# [SOURCE MATERIAL]
----

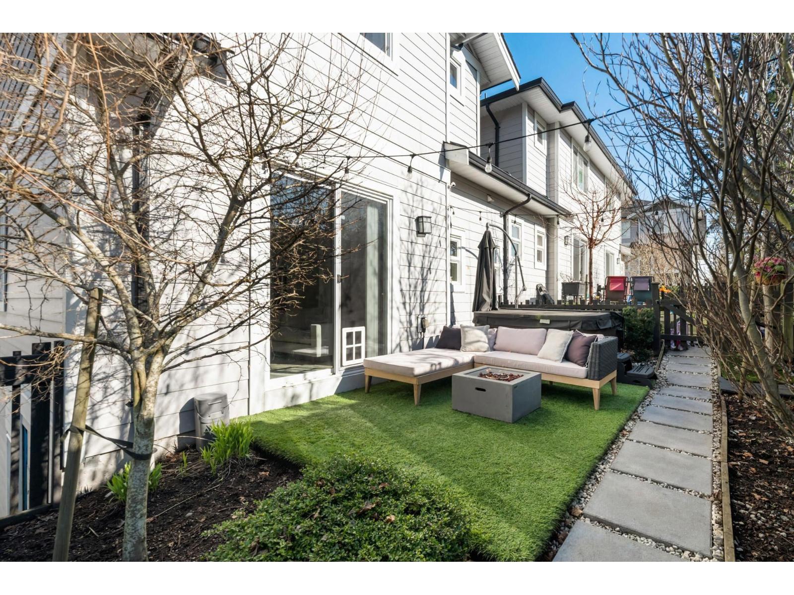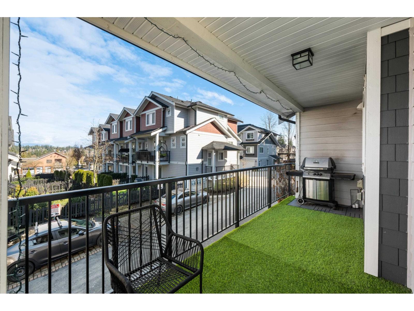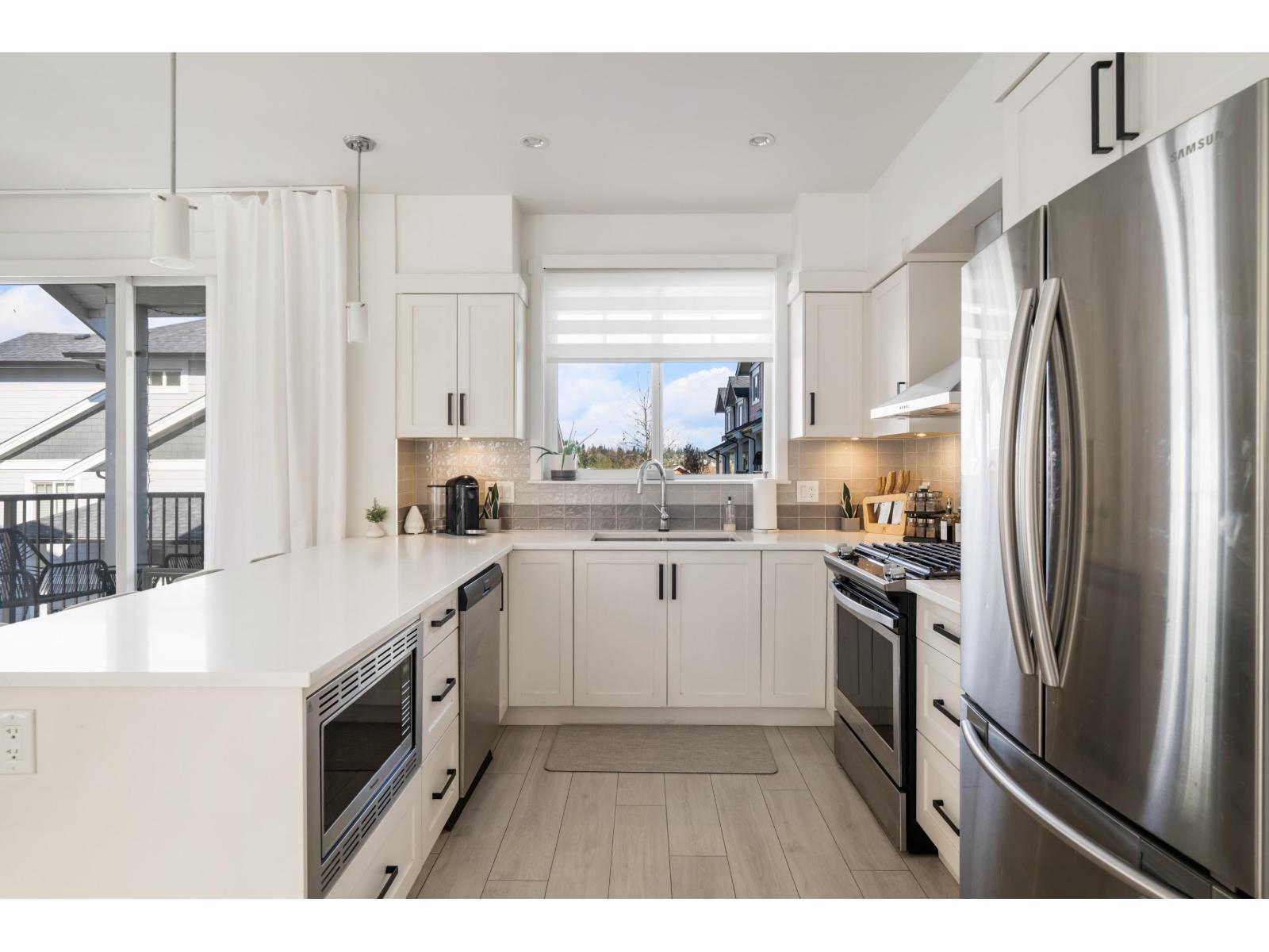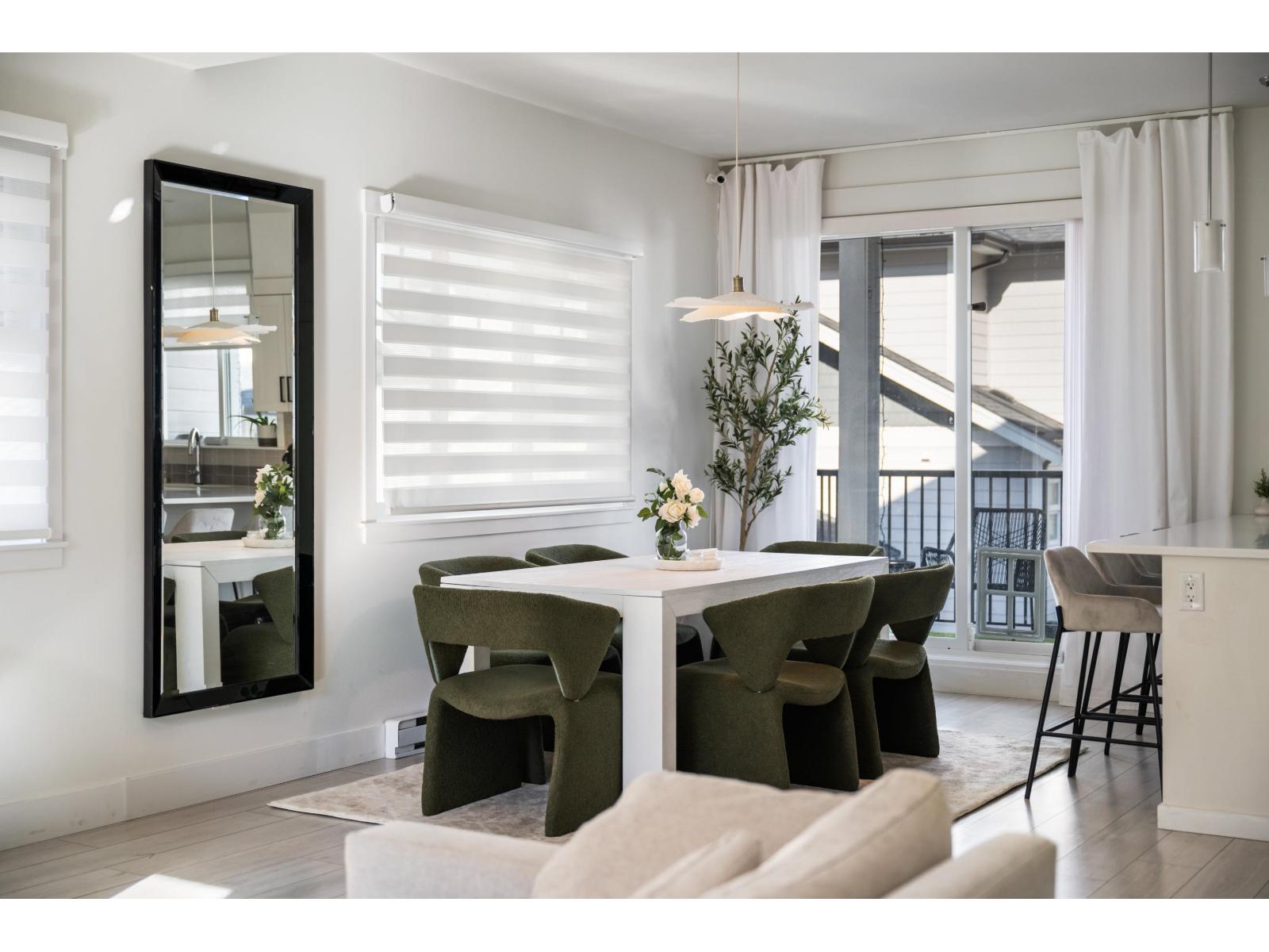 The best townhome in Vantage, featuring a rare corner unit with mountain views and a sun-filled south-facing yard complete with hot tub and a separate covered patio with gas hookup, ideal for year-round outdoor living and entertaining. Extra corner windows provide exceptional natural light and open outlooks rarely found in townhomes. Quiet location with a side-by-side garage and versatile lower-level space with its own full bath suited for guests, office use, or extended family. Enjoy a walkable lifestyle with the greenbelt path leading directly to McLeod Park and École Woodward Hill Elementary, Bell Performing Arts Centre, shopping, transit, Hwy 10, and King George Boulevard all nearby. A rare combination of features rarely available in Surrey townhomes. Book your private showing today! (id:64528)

----

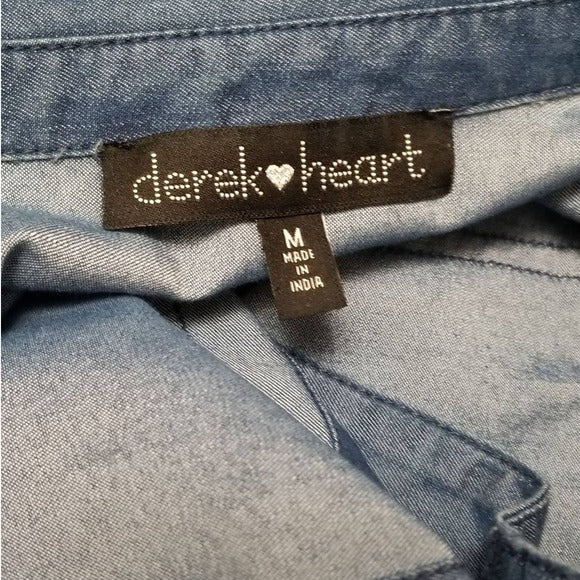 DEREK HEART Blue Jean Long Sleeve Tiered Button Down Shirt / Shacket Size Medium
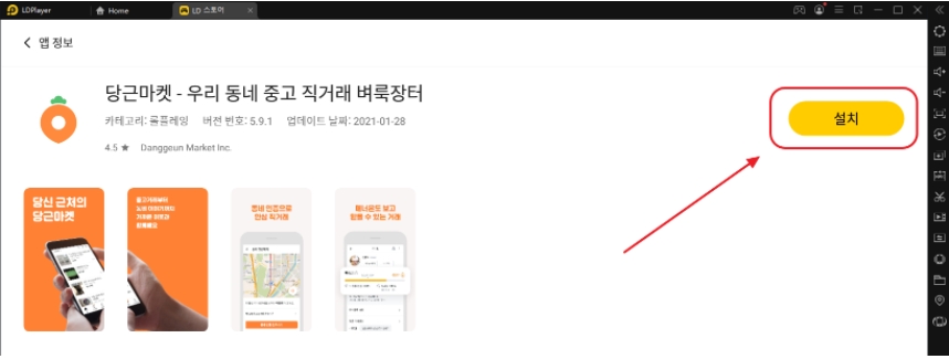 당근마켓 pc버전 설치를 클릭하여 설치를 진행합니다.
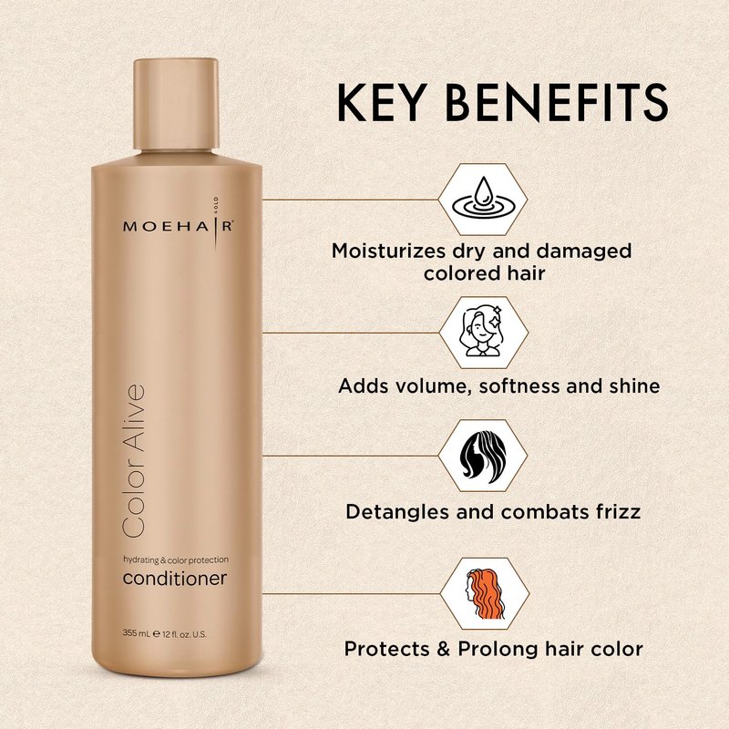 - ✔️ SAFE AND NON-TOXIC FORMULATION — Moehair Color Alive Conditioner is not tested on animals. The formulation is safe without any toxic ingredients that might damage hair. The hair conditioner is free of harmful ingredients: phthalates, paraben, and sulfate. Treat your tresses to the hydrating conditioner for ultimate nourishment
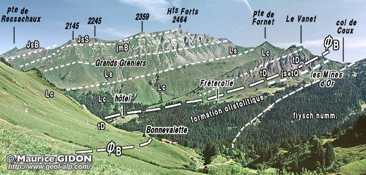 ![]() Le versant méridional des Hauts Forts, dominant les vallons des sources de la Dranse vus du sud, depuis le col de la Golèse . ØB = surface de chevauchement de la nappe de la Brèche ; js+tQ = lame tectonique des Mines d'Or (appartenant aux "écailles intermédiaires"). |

----

# [WORK ITEM]
Copy only the lines above from the one containing "DEREK HEART Blue" through the one containing "당근마켓 pc버전 설치를 클릭하여 설치를 진행합니다.", both included. Leave out the pictures.

# [TASK RESULT]
 DEREK HEART Blue Jean Long Sleeve Tiered Button Down Shirt / Shacket Size Medium
 당근마켓 pc버전 설치를 클릭하여 설치를 진행합니다.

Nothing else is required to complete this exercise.